From left: then Prime Minister of Slovakia, Andrej Babiš, Prime Minister of Hungary, Viktor Orbán, and then Prime Minister of Poland, Mateusz Morawiecki (20 June 2019)

Because the big fish for Orbán is precisely Meloni’s closest ally in the conservative European right group: the PiS of Morawiecki, who yesterday had opened up to the possibility of leaving Ecr but today he has already retracted and said he is ready to resume dialogue with the Italians for the distribution of positions in the group, after the postponement of the founding meeting scheduled for 26 June. Actually There is a strong political point of division between Hungarians and Poles: the relationship with Putin’s Russia. If it could be overcome, but it now seems difficult, in the name of the traditional “we are in the same group but each one of us votes according to his choices”, together Hungarians (10), Poles (20) and Czechs (7) – with other additions necessary for the 7-country rule – would build a more substantial force than the Left group (39 members). But most of all would empty ECR relegating it to fourth place with 63 members and already making its overtaking of the liberals of Renew Europe (75) in third place among the parliamentary groups vain.

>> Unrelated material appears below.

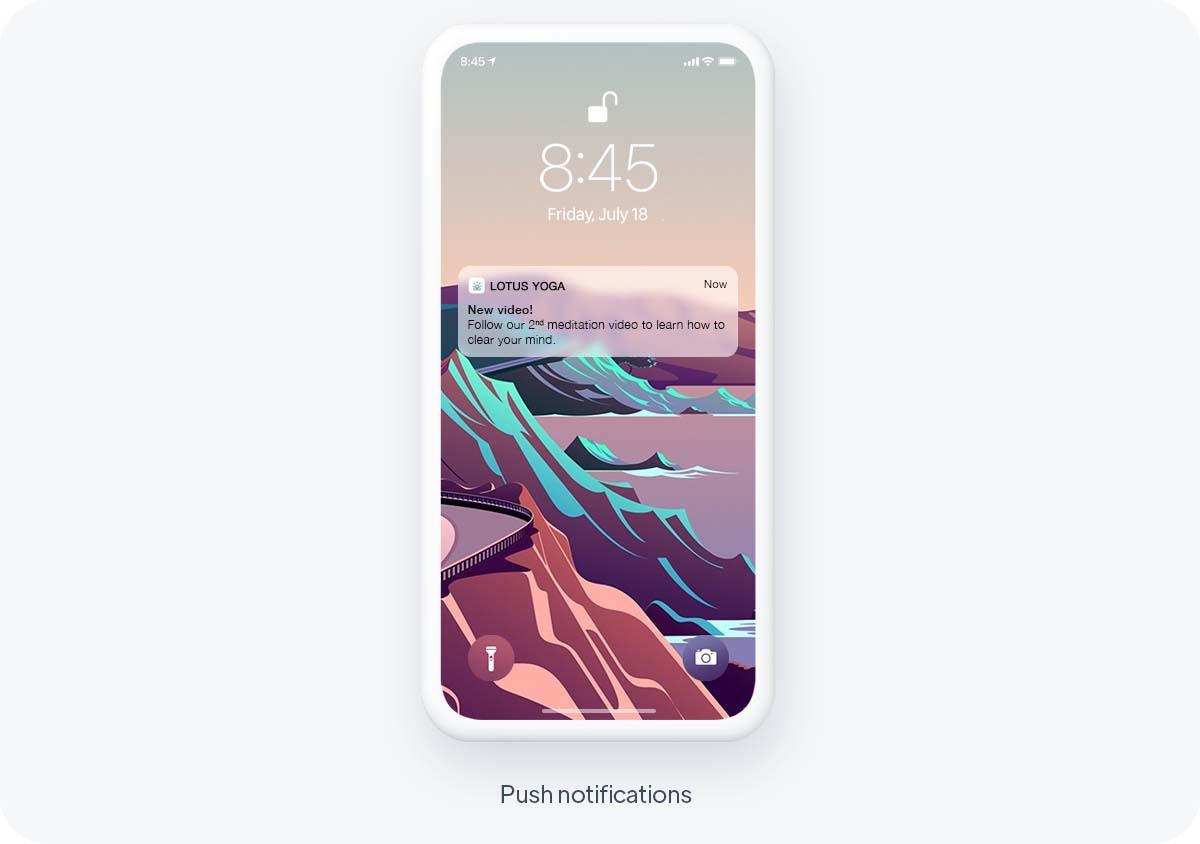 Desde tu back office de GoodBarber, es posible programar notificaciones automáticas para que se envíen cada vez que se agregue contenido nuevo a cualquier sección de tu aplicación. Ideal para informar automáticamente a tus usuarios de nuevas lecciones disponibles o tutoriales en vivo. También se pueden segmentar según grupos de usuarios, lo que te permite adaptar tu estrategia a cada perfil. Es una característica motivadora que genera lealtad y les recuerda a tus usuarios que regresen a tu aplicación.

Regarding the fourth member of the Visegrád Group, Slovak diplomatic sources let it be known to Eunews that there is currently no interest and that it is the only option on the table for the two red-brown parties Direction-Ssd (of the prime minister Robert Fico) e Voice-Sd (of the president Peter Pellegrini) is a perhaps impossible reunion with the family of social democrats after the expulsion last autumn due to the birth of the government with the nationalist far right. The same sources indicate that “there are other parties without affiliation”, namely those neo-fascists of Republika who are contested by the ‘Sovereignists’ of AfD. In short, it had to be “the second group in the European Parliament” to change the balance of the Union. Instead, the European right risks splintering and arguing even more internally, while on the outside – where decisions are made – everything remains as it has always been.